A sign discouraging diving at Blackwall Reach. Bicton’s Blackwall Reach.

THE death of an 18-year-old will not prompt any changes at Blackwall Reach, the City of Melville says.

Luseni Traore got into difficulties after leaping 10m into the Swan River from the popular Bicton spot just after 5pm on November 10.

It was the second death at the site this year, with a tourist from Taiwan dying in January.

But acting Melville chief executive Steve Cope said there would be no change.

“The reserve will continue to be managed as a high priority bushland reserve and public access to this area will continue to be discouraged,” Mr Cope said.

While diving is not illegal, the City uses fencing, warning signs and soft barriers including plants to discourage it.

Two men enjoying the site on Wednesday said they were unaware what had transpired just a few days earlier.

One said it was a relaxing spot to look over the river while another suggested the City could possibly make it safer by establishing a proper platform for people to jump from.

The second man added he had seen empty alcohol bottles left there.

“I wouldn’t be mixing alcohol with the jump,” he said.

Royal Life Saving WA (RLSWA) spokeswoman Lauren Nimmo said Blackwall Reach was a “notorious black spot location for drowning and aquatic injury” in WA.

“The combination of a high-risk activity, jumping from a height into deep water, and often a lack of swimming ability makes this location particularly dangerous,” she said.

“Many of the incidents at this location are as a result of the person either hitting rocks on the way down or jumping in an uncontrolled manner causing injury when they hit the water and making it difficult to get to safety.

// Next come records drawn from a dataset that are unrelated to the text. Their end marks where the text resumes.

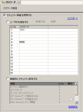 パスワード設定画面が開きます。[セキュリティ機能を使用する]にチェックを入れ、[レベル1]にパスワード「1111」を、[レベル5]にパスワード「5555」を入力します。
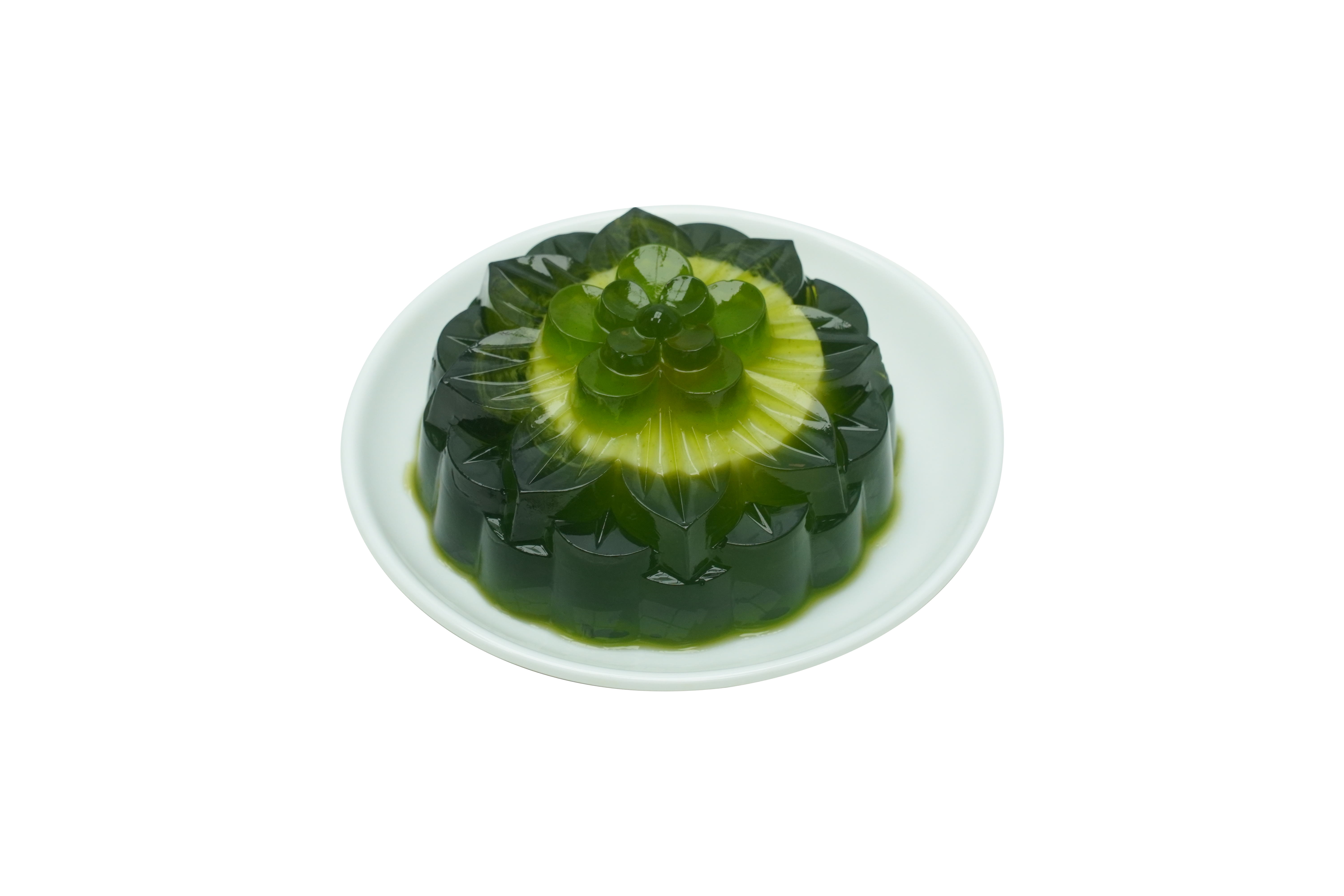 Bước 8: Thạch trà thái xanh bên ngoài: Dùng 450ml nước cốt trà thái xanh + 650ml nước thạch rau câu ở bước 5, khuấy đều và đổ vào khuôn bánh trung thu (kích thước: 9cmx9cmx4.5cm), mỗi khuôn dùng 110mml nước thạch. Cho phần thạch trà sữa ở bước 7 vào giữa khuôn. Thu được 10 phần.
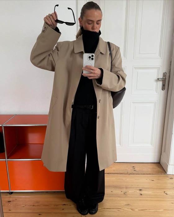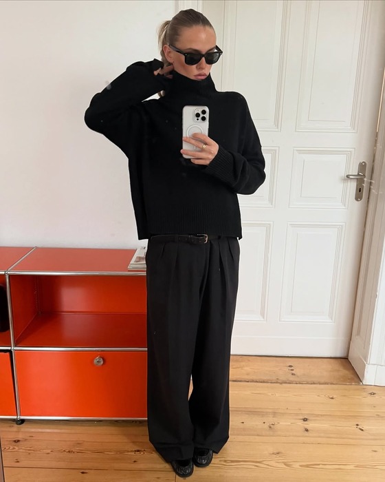 시크한 무드를 강조하고 싶다면 블랙 터틀넥에 블랙 슬랙스가 제격! 머리를 깔끔하게 넘겨 묶고 선글라스를 더하면 카리스마 넘치는 룩이, 트렌치 코트를 더하면 클래식한 룩이 연출됩니다. 매치하는 아이템에 따라 전혀 다른 무드를 자유자제로 넘나들 수 있다는 것이 터틀넥 니트의 가장 큰 매력이죠.
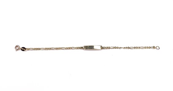 Bracciale in oro giallo 750/000 con targhetta cm 14.5, gr 1.49.
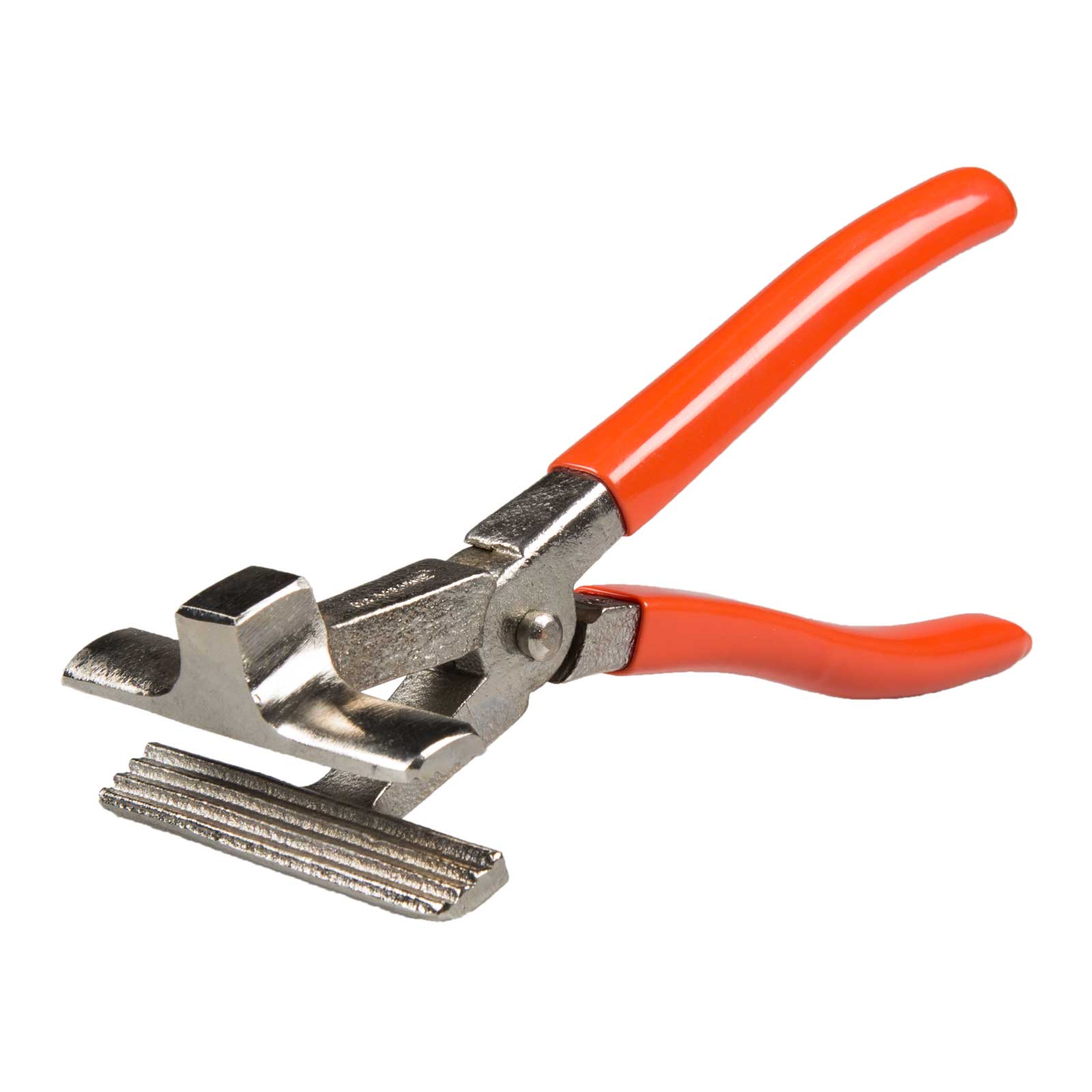 Eine solide Druckgussspannzange mit Gegendruck-, bzw. Hammerbolzen. Die Backen der Zange sind zirka 87 mm breit mit einer Backentiefe von 15 mm.

“People may have jumped from the cliffs before and been okay, but it only takes one bad jump for tragedy to occur that will have long lasting effects on their friends, family and communities.”

She said while RLSWA could not stop people jumping from the cliff, those who did must assume a level of personal responsibility for the safety of themselves and their friends.

“If you are not a strong swimmer you need to think very carefully about whether it is worth taking the risk at all,” she said.

Mr Cope passed on the City’s best wishes to Mr Traore’s family.